Banner Health Services  

Spinal Fusion


James Hawkins, MD, is a spinal surgery specialist on staff at Banner Estrella Medical Center. 

Question: I have had back problems for years and have tried physical therapy, chiropractic, and medicines without significant relief. I have been told by a spine surgeon that I need to have a spinal fusion. I am still only in my 40s and am concerned about the long-term effects of having a spinal fusion. Are there any alternatives to this procedure?

Answer: Spinal fusions are typically performed for fractures, mechanical instability, arthritic changes and/or significant degenerative disc disease of the spine. The treatment for these conditions is typically physical therapy, medical management, occasional injections, and passage of time.

If these fail to provide relief, then there are indications for a spinal fusion. The fusion means stopping the irregular and/or painful movement between two vertebral bodies in your spine to decrease pain and improve function.

As with any surgery there can be potentially long-term negative effects such as adjacent segment breakdown. Fusing or stopping the motion at one segment in the spine may increase the stresses or movements of the sections above or below the fused area during normal activities and therefore cause earlier breakdown or degeneration. In order to help avoid this potential problem, there have been recently developed total disc replacements for the spine.

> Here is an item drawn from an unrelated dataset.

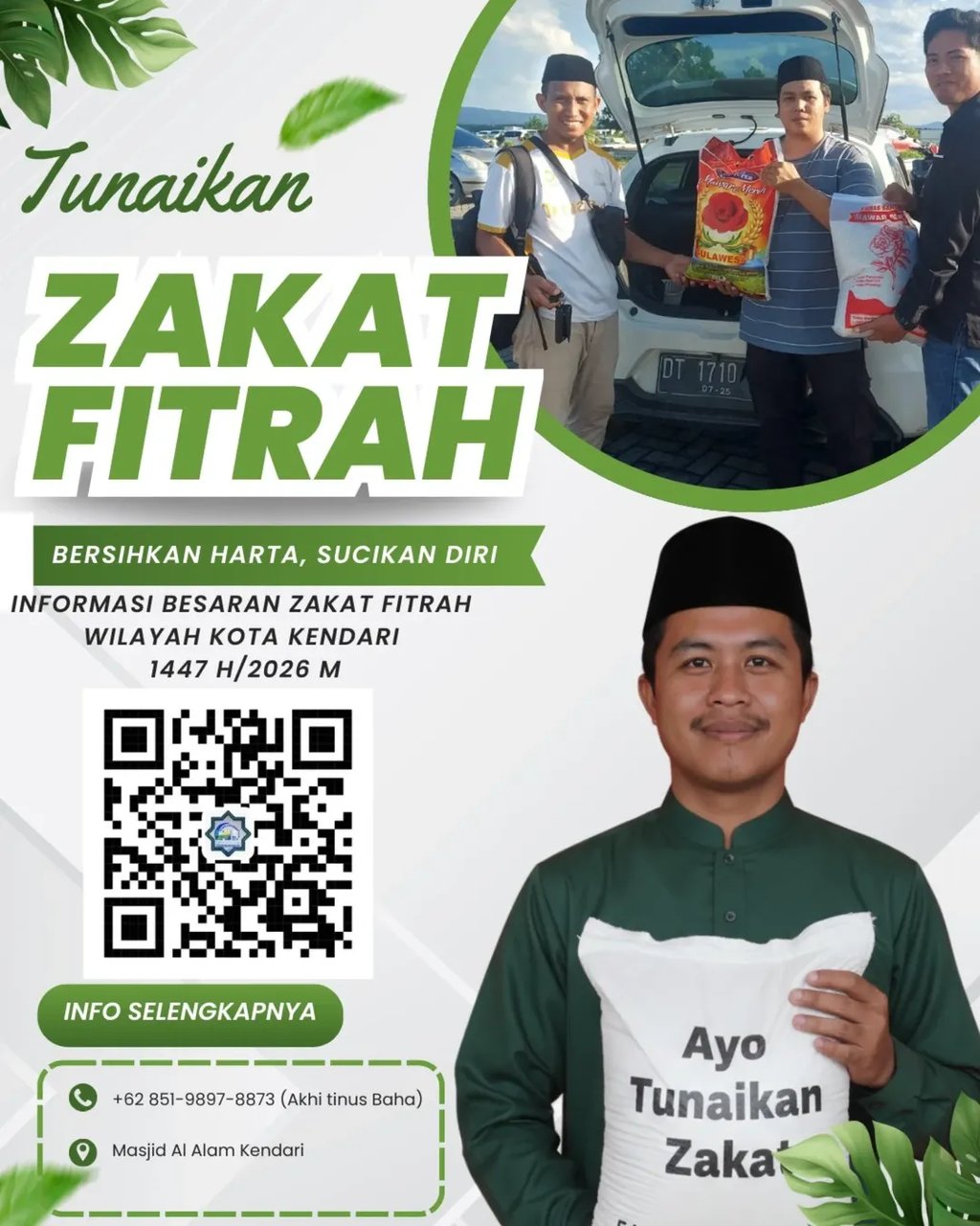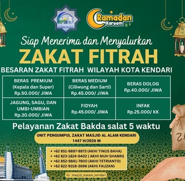 Assalamu’alaikum, warga Kota Kendari. Sudahkah Anda menyiapkan zakat fitrah tahun ini? Unit Pengumpul Zakat (UPZ) Masjid Al Alam Kendari siap menerima dan menyalurkan zakat Anda kepada yang berhak.

The total disc replacement is indicated for cases of isolated degenerative disc disease.  These devices have been used in Europe for several years, but have recently gained approval here in the United States.  

Because of the recent release through Food and Drug Administration, disc replacements have been tested against a typical gold standard of lumbar fusion and evaluated with outcomes such as the patient’s pain, function, complication rates, and overall satisfaction with their outcome.  In general, the total disc replacements for the cervical and lumbar spine have shown equivalent, if not slightly superior results to lumbar fusion.

The long-term benefits of a disc replacement will really be seen as the years progress with the implant in position. The idea being to not only improve the patient’s pain and function at the time of the index procedure, but also help prevent the long-term potential complications of earlier degenerative changes at the levels above and below the implant.

In summary, these total disc replacements offer an effective and exciting solution to pain in the spine related to degenerative disc disease. To go over all of the indications and contraindications of the device, one would need to speak with their spinal surgeon.